*WHAT YOU ARE ASKED TO DO*.
Write out the listing below again, precisely as it is given.

*INFORMATION*.
********************
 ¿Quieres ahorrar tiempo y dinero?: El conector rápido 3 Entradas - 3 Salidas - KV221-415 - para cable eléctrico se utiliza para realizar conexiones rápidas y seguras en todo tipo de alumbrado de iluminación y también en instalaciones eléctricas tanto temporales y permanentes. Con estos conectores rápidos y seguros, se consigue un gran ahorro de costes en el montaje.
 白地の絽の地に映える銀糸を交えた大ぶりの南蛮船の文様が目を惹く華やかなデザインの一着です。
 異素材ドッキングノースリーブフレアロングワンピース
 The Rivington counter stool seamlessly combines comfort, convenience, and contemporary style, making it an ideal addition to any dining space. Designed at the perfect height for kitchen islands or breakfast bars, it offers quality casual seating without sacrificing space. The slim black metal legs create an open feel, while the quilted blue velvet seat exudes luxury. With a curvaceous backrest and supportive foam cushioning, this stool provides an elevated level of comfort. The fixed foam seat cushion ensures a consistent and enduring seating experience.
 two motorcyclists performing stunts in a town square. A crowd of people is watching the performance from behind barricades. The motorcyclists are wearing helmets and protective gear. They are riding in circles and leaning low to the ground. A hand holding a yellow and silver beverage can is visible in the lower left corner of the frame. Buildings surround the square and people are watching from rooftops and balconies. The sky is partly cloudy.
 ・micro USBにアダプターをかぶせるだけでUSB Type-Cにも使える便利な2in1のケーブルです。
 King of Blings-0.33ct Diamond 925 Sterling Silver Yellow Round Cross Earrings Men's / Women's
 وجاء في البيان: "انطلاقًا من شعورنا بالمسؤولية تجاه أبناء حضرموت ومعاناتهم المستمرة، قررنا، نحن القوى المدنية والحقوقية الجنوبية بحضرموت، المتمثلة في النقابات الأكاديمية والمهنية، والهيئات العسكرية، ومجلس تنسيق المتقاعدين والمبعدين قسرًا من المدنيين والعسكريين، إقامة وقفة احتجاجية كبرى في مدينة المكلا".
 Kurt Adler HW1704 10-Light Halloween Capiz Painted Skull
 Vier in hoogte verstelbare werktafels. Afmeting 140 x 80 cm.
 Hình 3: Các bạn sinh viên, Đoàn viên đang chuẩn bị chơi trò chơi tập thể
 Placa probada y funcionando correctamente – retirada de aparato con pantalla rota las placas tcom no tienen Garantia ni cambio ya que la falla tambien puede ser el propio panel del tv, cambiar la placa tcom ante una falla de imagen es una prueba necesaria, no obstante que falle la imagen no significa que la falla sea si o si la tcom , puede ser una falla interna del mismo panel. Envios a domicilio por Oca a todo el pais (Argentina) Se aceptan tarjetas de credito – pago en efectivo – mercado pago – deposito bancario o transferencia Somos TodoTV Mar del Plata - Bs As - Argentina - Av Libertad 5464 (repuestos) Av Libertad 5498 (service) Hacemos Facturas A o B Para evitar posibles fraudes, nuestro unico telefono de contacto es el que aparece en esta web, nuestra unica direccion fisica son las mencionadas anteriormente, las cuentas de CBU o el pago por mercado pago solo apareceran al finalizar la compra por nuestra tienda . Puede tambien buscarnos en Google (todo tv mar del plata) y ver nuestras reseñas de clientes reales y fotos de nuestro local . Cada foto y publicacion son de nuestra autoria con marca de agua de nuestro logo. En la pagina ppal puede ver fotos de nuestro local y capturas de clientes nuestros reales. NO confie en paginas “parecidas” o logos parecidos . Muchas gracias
********************
*FINISHED TASK*.
 ¿Quieres ahorrar tiempo y dinero?: El conector rápido 3 Entradas - 3 Salidas - KV221-415 - para cable eléctrico se utiliza para realizar conexiones rápidas y seguras en todo tipo de alumbrado de iluminación y también en instalaciones eléctricas tanto temporales y permanentes. Con estos conectores rápidos y seguros, se consigue un gran ahorro de costes en el montaje.
 白地の絽の地に映える銀糸を交えた大ぶりの南蛮船の文様が目を惹く華やかなデザインの一着です。
 異素材ドッキングノースリーブフレアロングワンピース
 The Rivington counter stool seamlessly combines comfort, convenience, and contemporary style, making it an ideal addition to any dining space. Designed at the perfect height for kitchen islands or breakfast bars, it offers quality casual seating without sacrificing space. The slim black metal legs create an open feel, while the quilted blue velvet seat exudes luxury. With a curvaceous backrest and supportive foam cushioning, this stool provides an elevated level of comfort. The fixed foam seat cushion ensures a consistent and enduring seating experience.
 two motorcyclists performing stunts in a town square. A crowd of people is watching the performance from behind barricades. The motorcyclists are wearing helmets and protective gear. They are riding in circles and leaning low to the ground. A hand holding a yellow and silver beverage can is visible in the lower left corner of the frame. Buildings surround the square and people are watching from rooftops and balconies. The sky is partly cloudy.
 ・micro USBにアダプターをかぶせるだけでUSB Type-Cにも使える便利な2in1のケーブルです。
 King of Blings-0.33ct Diamond 925 Sterling Silver Yellow Round Cross Earrings Men's / Women's
 وجاء في البيان: "انطلاقًا من شعورنا بالمسؤولية تجاه أبناء حضرموت ومعاناتهم المستمرة، قررنا، نحن القوى المدنية والحقوقية الجنوبية بحضرموت، المتمثلة في النقابات الأكاديمية والمهنية، والهيئات العسكرية، ومجلس تنسيق المتقاعدين والمبعدين قسرًا من المدنيين والعسكريين، إقامة وقفة احتجاجية كبرى في مدينة المكلا".
 Kurt Adler HW1704 10-Light Halloween Capiz Painted Skull
 Vier in hoogte verstelbare werktafels. Afmeting 140 x 80 cm.
 Hình 3: Các bạn sinh viên, Đoàn viên đang chuẩn bị chơi trò chơi tập thể
 Placa probada y funcionando correctamente – retirada de aparato con pantalla rota las placas tcom no tienen Garantia ni cambio ya que la falla tambien puede ser el propio panel del tv, cambiar la placa tcom ante una falla de imagen es una prueba necesaria, no obstante que falle la imagen no significa que la falla sea si o si la tcom , puede ser una falla interna del mismo panel. Envios a domicilio por Oca a todo el pais (Argentina) Se aceptan tarjetas de credito – pago en efectivo – mercado pago – deposito bancario o transferencia Somos TodoTV Mar del Plata - Bs As - Argentina - Av Libertad 5464 (repuestos) Av Libertad 5498 (service) Hacemos Facturas A o B Para evitar posibles fraudes, nuestro unico telefono de contacto es el que aparece en esta web, nuestra unica direccion fisica son las mencionadas anteriormente, las cuentas de CBU o el pago por mercado pago solo apareceran al finalizar la compra por nuestra tienda . Puede tambien buscarnos en Google (todo tv mar del plata) y ver nuestras reseñas de clientes reales y fotos de nuestro local . Cada foto y publicacion son de nuestra autoria con marca de agua de nuestro logo. En la pagina ppal puede ver fotos de nuestro local y capturas de clientes nuestros reales. NO confie en paginas “parecidas” o logos parecidos . Muchas gracias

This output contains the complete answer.